ASSIGNMENT:
Return every line of the records, exact and in full, until you have returned the line with "수도권을 중심으로 코로나19가", and include none of the pictures.

RECORDS TO PROCESS:
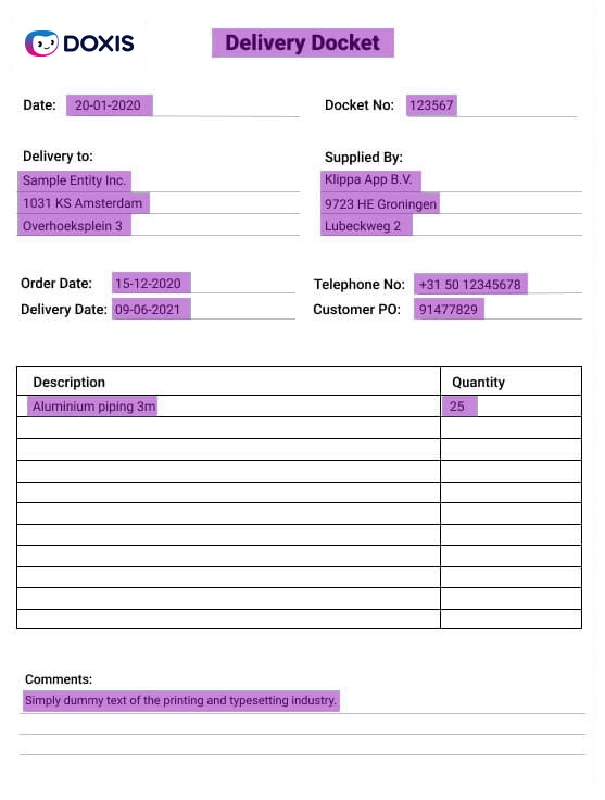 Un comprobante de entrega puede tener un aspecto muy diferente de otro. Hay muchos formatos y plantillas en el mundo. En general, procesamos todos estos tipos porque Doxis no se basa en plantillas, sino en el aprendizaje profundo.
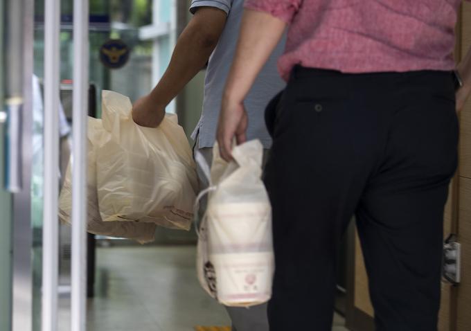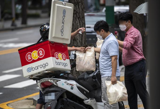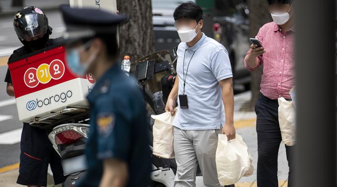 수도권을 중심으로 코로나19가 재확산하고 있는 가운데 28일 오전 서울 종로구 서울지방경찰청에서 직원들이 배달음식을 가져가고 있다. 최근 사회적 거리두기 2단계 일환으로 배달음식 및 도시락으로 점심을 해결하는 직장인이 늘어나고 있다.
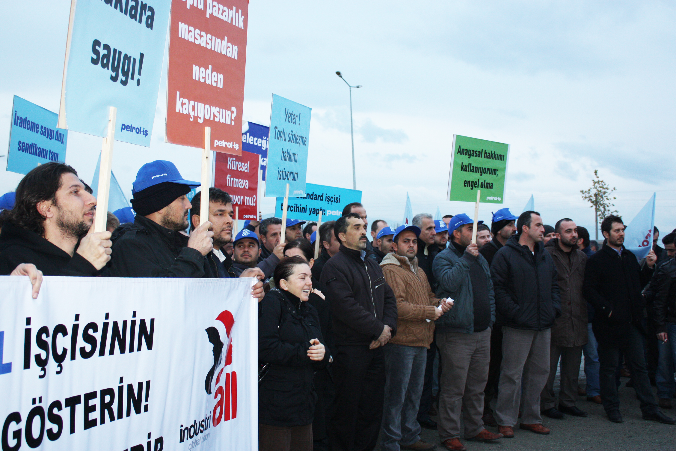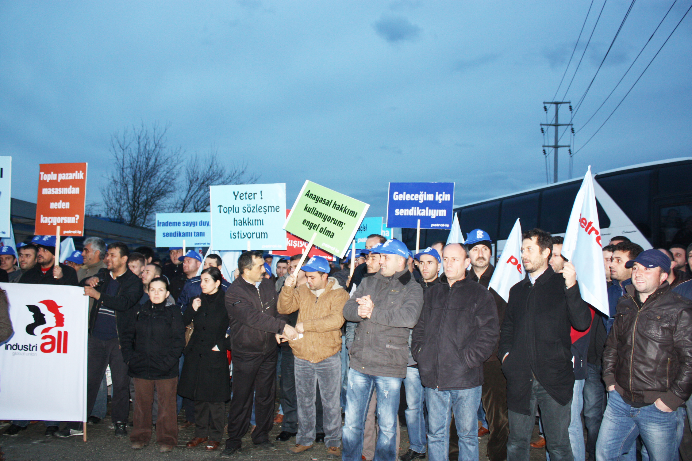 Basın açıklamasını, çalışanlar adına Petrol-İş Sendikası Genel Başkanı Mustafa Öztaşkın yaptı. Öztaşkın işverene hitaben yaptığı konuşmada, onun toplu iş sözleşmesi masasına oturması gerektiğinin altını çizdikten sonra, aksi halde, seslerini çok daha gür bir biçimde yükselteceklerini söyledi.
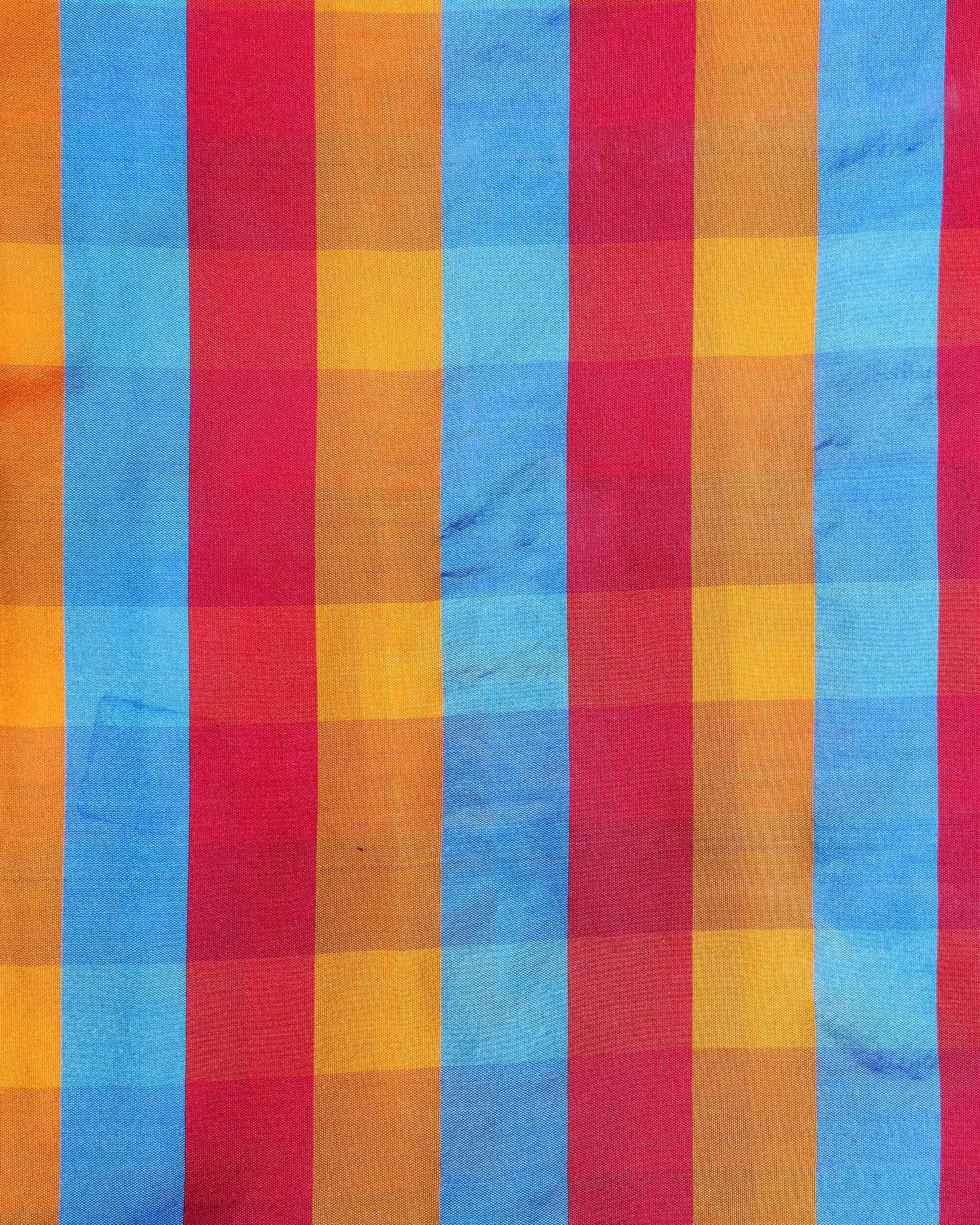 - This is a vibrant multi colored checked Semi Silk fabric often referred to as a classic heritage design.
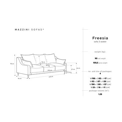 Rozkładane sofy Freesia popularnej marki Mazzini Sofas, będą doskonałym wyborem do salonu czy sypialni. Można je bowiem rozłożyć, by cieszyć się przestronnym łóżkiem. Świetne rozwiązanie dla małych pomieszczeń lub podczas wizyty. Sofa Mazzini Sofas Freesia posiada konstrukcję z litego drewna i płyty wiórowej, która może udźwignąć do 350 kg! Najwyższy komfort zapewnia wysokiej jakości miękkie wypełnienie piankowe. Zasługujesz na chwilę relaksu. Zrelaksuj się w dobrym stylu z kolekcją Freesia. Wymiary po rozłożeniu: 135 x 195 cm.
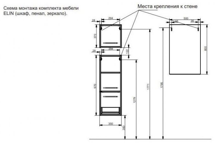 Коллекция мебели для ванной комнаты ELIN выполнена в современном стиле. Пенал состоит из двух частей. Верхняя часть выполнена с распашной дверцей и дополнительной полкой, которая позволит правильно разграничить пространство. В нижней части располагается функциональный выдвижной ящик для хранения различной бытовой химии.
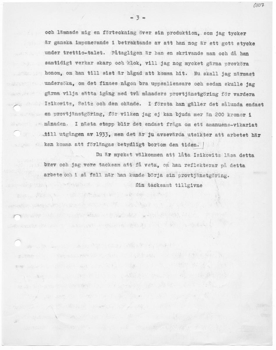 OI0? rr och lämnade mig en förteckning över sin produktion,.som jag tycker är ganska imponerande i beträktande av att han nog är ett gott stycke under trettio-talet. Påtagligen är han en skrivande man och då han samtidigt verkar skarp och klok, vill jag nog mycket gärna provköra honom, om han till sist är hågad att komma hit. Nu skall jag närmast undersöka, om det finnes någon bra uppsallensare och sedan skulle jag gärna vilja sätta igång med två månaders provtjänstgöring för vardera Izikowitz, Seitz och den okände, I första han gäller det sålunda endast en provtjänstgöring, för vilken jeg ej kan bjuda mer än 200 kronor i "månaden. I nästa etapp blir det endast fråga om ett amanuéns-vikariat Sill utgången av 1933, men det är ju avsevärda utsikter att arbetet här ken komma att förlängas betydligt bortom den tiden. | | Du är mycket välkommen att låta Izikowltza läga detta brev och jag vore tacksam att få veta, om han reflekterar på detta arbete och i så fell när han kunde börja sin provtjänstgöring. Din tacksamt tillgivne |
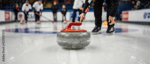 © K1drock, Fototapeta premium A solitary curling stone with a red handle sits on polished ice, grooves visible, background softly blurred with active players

REPLY:
 Un comprobante de entrega puede tener un aspecto muy diferente de otro. Hay muchos formatos y plantillas en el mundo. En general, procesamos todos estos tipos porque Doxis no se basa en plantillas, sino en el aprendizaje profundo.
 수도권을 중심으로 코로나19가 재확산하고 있는 가운데 28일 오전 서울 종로구 서울지방경찰청에서 직원들이 배달음식을 가져가고 있다. 최근 사회적 거리두기 2단계 일환으로 배달음식 및 도시락으로 점심을 해결하는 직장인이 늘어나고 있다.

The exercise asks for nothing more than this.